In a series of finely woven scenes linking characters and family, as well as themes of love, trauma and struggle, identity, ritual and connectedness — to each other and to the earth — with effective extended metaphors, the script itself is a tender and triumphant tapestry. And in the hands of the talented director Bianca Washington with an inspired cast, this production is evocative and moving.
Staged without fanfare in the basement of downtown Kalamazoo’s First Congregational Church, it is the strength of the play’s language and the seven actors’ powerful storytelling ability that make this tightly crafted 90-minute show so impactful.
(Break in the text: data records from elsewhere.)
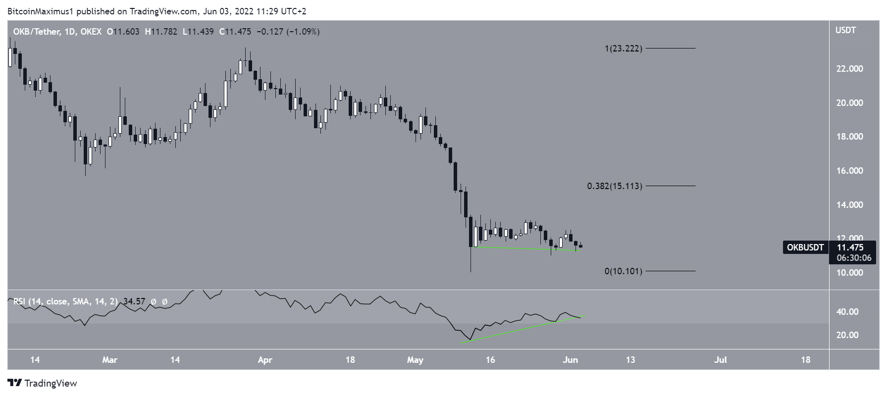 O OKB atingiu uma mínima de US$ 10 em 12 de maio, mas saltou acentuadamente e criou um longo pavio inferior logo depois. Atualmente, ele está sendo negociado a US$ 11,40 e aparentemente criou um padrão de fundo triplo.
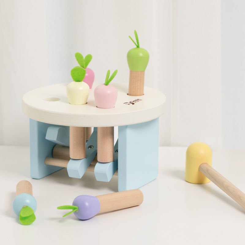 Gra zręcznościowa ''Wbij marchewkę'' od marki Classic World to rewelacyjna gra, która rozwija refleks, spostrzegawczość, zdolności manualne oraz zmysł wzroku u malucha. Delikatne pastelowe kolory, przyciągają wzrok i sprawiają, że dziecko chętniej sięga po zabawkę. Gra polega na ćwiczeniu zręczności u malucha, poprzez precyzyjne wbijanie marchewek, które wyskoczyły właśnie z dziurki. Zestaw zawiera 6 marchewek w różnych kolorach, młoteczek, uroczy stelaż w którym umieszczane są marchewki.
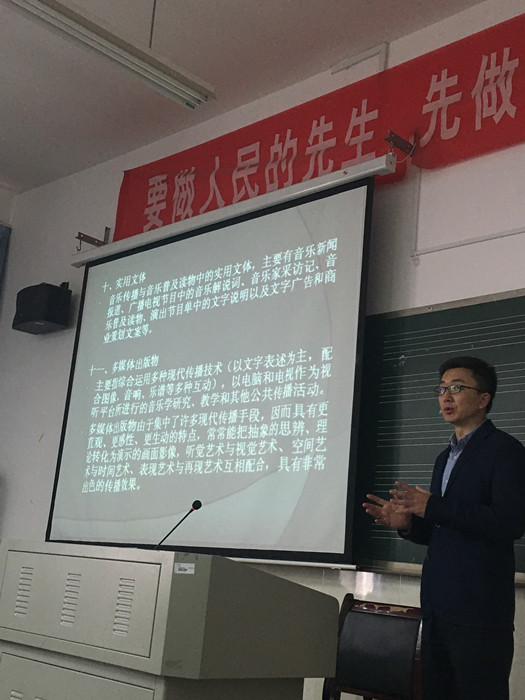 4月27日上午,《人民音乐》编辑部主任张萌博士应邀来我校做了一场题为“动机与展开——音乐论文写作中的几个核心问题”的讲座。讲座由曹兴副校长主持。科研处负责人、音乐舞蹈学院部分师生聆听了本次讲座。
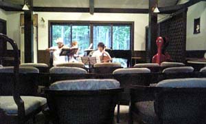 ホテルの浅川さんのご厚意で、3泊4日、しかも朝から晩まで豪華なフルコースのお食事付きの合宿をさせていただきました。 最終日には、無理矢理お願いして、宿泊しているお客さんとホテルの常連さんにお声がけしていただき、明日から始まるツアーを前にプレコンサートを開いていただきました。 本当に4日間ありがとうございました!! |
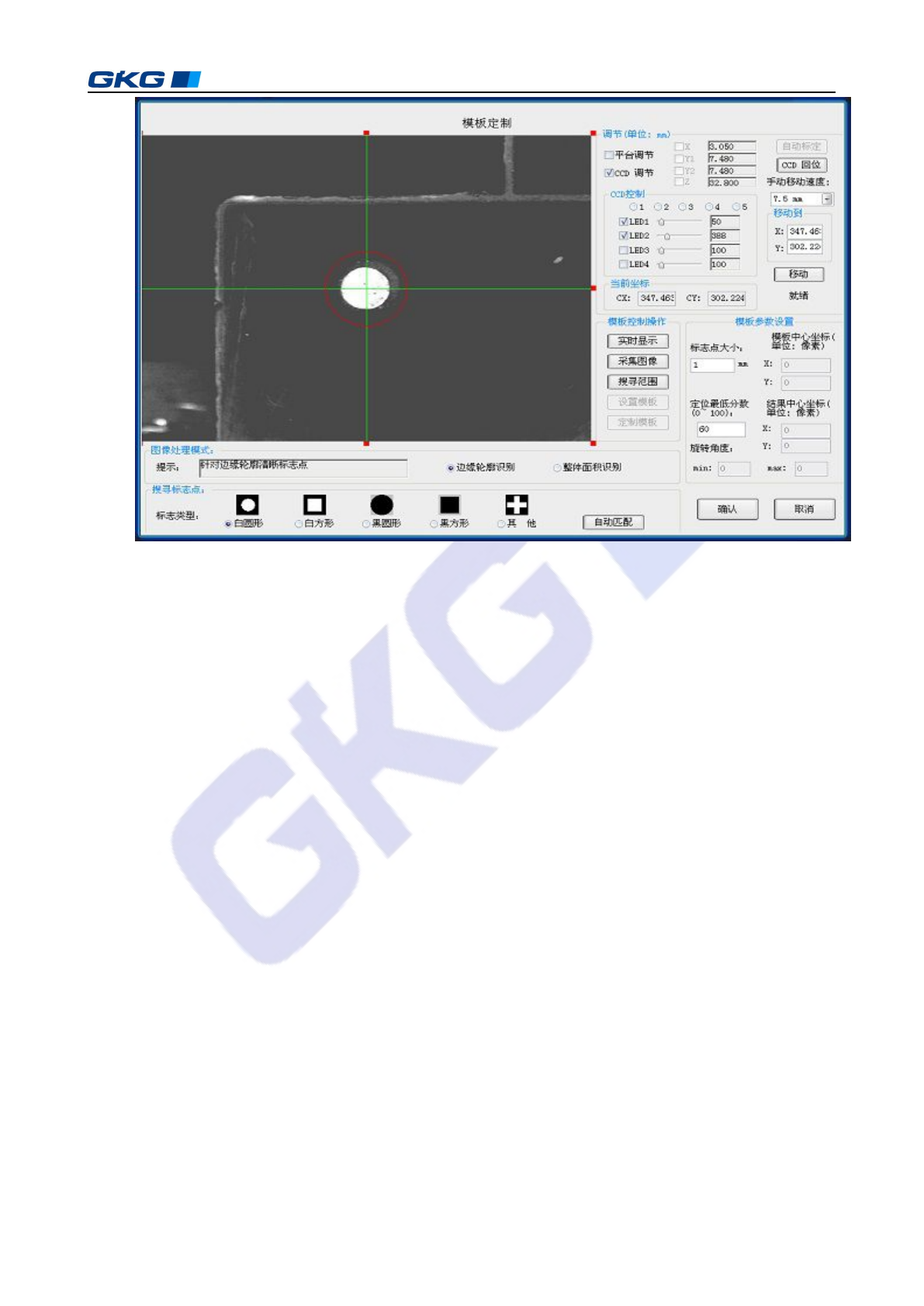 图像处理模式:有两种处理模式,一种针对边缘轮廓清晰的 Mark 点,另外一种是

The actors each play several roles, and each scene is emotionally resonant, sometimes quietly so, and sometimes with a bang. Betty Lenzy is particularly natural and convincing; Deshawn King makes an excellent contribution to the ensemble; Charlotte Thomas and Arizsia Staton do extraordinary scene work together with high-valence emotion; Oliverliski Murphy Jr. is a force; Jamez Jordon’s range is impressive, particularly in terms of age; and Brandon Burnett’s intense vulnerability is admirable. Together, this ensemble is greater than the sum of its parts; individually and collectively their motivations and objectives are strong and clear.
One scene, in which Jesus appears as a woman with a task for an old man in Detroit not unlike that of Noah’s, was successfully staged as part of Theatre Kalamazoo’s New PlayFest two weeks ago. And yet as part of the larger play, it has a much deeper, more potent meaning.
However, the larger play is no work in progress. Kendra Ann Flournoy’s “Ships, Shells & Chains” very well may continue to evolve, but it’s a fully realized and magnificent work as produced by Face Off Theatre. It may honor Black History Month in a poignant way, but it thoroughly honors all of us, February or not, with its artistry and its excellence.